(AVAILABLE RECORDS)
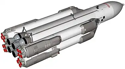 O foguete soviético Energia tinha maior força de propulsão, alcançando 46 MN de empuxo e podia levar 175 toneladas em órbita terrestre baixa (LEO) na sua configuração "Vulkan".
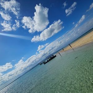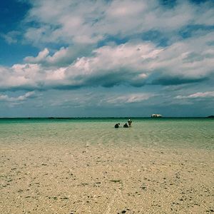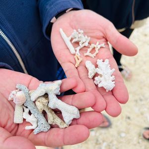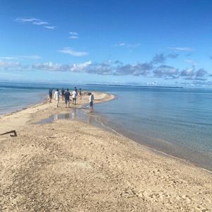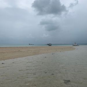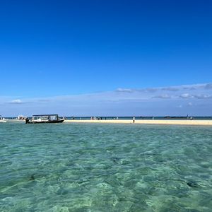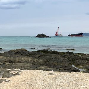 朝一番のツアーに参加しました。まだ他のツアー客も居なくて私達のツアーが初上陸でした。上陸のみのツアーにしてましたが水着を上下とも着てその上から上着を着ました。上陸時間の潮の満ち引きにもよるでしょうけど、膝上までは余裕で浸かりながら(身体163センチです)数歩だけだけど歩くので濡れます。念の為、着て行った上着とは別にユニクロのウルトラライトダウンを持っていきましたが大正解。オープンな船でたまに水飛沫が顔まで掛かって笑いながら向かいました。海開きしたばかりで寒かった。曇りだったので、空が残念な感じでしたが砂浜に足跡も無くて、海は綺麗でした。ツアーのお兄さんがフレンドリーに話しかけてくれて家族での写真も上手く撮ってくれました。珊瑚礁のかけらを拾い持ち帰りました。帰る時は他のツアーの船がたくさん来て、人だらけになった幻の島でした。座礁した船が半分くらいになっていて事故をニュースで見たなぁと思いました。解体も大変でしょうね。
(End AVAILABLE RECORDS)
(AVAILABLE RECORDS)
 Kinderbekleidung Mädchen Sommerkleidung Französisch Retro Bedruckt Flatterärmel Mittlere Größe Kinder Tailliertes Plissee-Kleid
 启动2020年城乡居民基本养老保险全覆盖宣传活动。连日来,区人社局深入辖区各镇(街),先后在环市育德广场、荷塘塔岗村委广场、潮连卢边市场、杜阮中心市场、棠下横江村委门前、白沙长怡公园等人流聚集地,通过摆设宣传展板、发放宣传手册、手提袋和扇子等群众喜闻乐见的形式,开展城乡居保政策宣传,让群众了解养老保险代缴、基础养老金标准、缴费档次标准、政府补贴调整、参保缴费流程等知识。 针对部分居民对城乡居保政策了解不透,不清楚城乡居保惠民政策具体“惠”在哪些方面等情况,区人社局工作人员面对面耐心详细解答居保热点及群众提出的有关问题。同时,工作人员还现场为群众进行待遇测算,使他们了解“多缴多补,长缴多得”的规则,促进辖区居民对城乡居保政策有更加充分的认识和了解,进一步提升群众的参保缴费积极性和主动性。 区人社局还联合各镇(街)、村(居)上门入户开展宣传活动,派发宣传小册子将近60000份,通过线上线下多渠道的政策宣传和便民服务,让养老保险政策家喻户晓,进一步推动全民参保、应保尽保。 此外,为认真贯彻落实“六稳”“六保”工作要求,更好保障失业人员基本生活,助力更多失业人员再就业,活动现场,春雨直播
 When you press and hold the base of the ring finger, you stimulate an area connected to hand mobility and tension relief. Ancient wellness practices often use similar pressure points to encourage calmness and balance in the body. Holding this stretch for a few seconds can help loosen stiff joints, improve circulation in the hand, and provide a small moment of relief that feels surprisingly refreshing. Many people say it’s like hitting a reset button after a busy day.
(End AVAILABLE RECORDS)
(AVAILABLE RECORDS)
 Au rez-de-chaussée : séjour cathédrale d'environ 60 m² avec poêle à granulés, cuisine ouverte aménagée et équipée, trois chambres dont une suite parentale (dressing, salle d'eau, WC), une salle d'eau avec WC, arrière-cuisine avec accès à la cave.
(End AVAILABLE RECORDS)
- EXERCISE OBJECTIVE -
Print everything from the line with "O foguete soviético" down to the line with "朝一番のツアーに参加しました" in the entries above, both lines included and nothing more, without the pictures.

- RESPONSE AREA -
 O foguete soviético Energia tinha maior força de propulsão, alcançando 46 MN de empuxo e podia levar 175 toneladas em órbita terrestre baixa (LEO) na sua configuração "Vulkan".
 朝一番のツアーに参加しました。まだ他のツアー客も居なくて私達のツアーが初上陸でした。上陸のみのツアーにしてましたが水着を上下とも着てその上から上着を着ました。上陸時間の潮の満ち引きにもよるでしょうけど、膝上までは余裕で浸かりながら(身体163センチです)数歩だけだけど歩くので濡れます。念の為、着て行った上着とは別にユニクロのウルトラライトダウンを持っていきましたが大正解。オープンな船でたまに水飛沫が顔まで掛かって笑いながら向かいました。海開きしたばかりで寒かった。曇りだったので、空が残念な感じでしたが砂浜に足跡も無くて、海は綺麗でした。ツアーのお兄さんがフレンドリーに話しかけてくれて家族での写真も上手く撮ってくれました。珊瑚礁のかけらを拾い持ち帰りました。帰る時は他のツアーの船がたくさん来て、人だらけになった幻の島でした。座礁した船が半分くらいになっていて事故をニュースで見たなぁと思いました。解体も大変でしょうね。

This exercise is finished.